We will discuss leakage in common implementations of nucleus sampling—- a popular approach for generating text, used for applications such as text autocompletion. We show that the series of nucleus sizes produced by an autocompletion language model uniquely identifies its natural-language input. Unwittingly, common implementations leak nucleus sizes through a side channel, thus leaking what text was typed, and allowing an attacker to de-anonymize it.

Next, we will present data-poisoning attacks on language-processing models that must train on “open” corpora originating in many untrusted sources (e.g. Common Crawl). We will show how an attacker can modify training data to “change word meanings” in pretrained word embeddings thus controlling outputs of downstream task solvers (e.g.
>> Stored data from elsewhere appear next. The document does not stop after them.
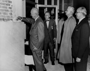 Macmillan flew to Washington, DC, for talks on 25 October.[57] He had concerns that the disastrous 10 October Windscale fire might prove a stumbling block in negotiations,[58] as it might reflect badly on British expertise and provide ammunition for opponents of closer co-operation with the British. He ordered extra copies of the report into the fire to be destroyed and for the printers to destroy their type.[59] He immediately sensed how shaken the Americans had been by Sputnik,[54] which placed the Eisenhower administration under great public pressure to act on the deployment of IRBMs by a shocked and distraught nation.[60]
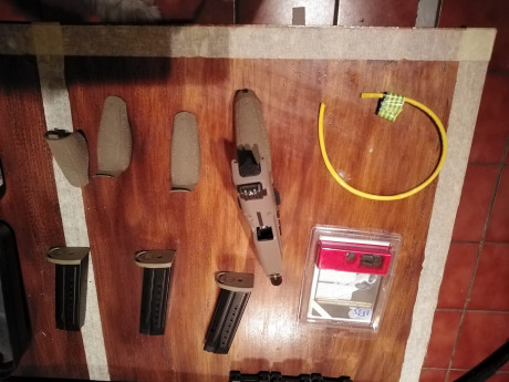 Como indica el título, es una smith&wesson MP9_M2.0 en acabado tan, nuevecita (dic-18, aún en garantía), prácticamente sin estrenar y con extras.
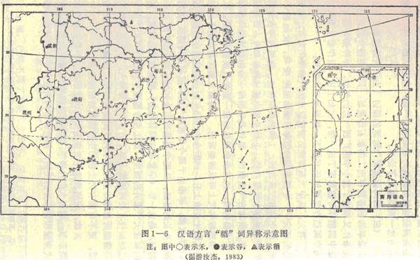 现代南方方言称稻为禾为谷的地理分布如图1—6。从图中可以大致看出栽培稻的传布情况是。一路从西南经华中和华东北上进入长江流域;一路从云南四川北上进入黄河流域。这两条传布的路线还可以从考古发掘和古代交通得到印证。如果把壮侗语族“稻”词的最古语音形式境界线及壮侗语族的na(田)境界线和壮族含“那”地名分布线绘在同一张地图上,就可以看出这三条封闭线是完全重合的,以含“那”地名分布线的范围最大,na(田)境界次之,“稻”词最古语音境界线位于中心。三者重合的面积极大,恰恰与国内外水稻起源研究者所较一致的看法,即广西西南,云南南部,越南北部,老挝北部,泰北部,缅甸掸邦是亚洲栽培稻起源地的观点相当一致,这是从历史语言地理的角度为这一观点添注了论证。

NER or word-to-word translation), or poison a neural code-autocompletion system, so that it starts making attacker-chosen insecure suggestions to programmers (e.g. to use insecure encryption modes). This code-autocompletion attack can even target specific developers or organizations, while leaving others unaffected.

Finally, we will briefly survey existing classes of defenses against such attacks, and explain that they are critically insufficient: they provide only partial protection, and real-world ML practitioners lack the tools to tell whether and how to deploy them. This calls for new approaches, guided by fundamental information-security principles, that analyze security of ML-based systems in an end-to-end fashion, and facilitate practicability of the existing defense arsenal.

Bio: Roei Schuster is a computer science PhD candidate, advised by Eran Tromer. For the past 4 years, he has been a researcher at Cornell Tech, where he is hosted by Vitaly Shmatikov. Previously, he completed his B.Sc. in computer science at the Technion, and worked as a researcher in the information security industry.

RECORDING : Please note, this event will be recorded and will be available after the event for an indeterminate period under a CC BY -NC-ND license. Audience members should bear this in mind before joining the webinar or asking questions.

This talk is part of the Computer Laboratory Security Seminar series.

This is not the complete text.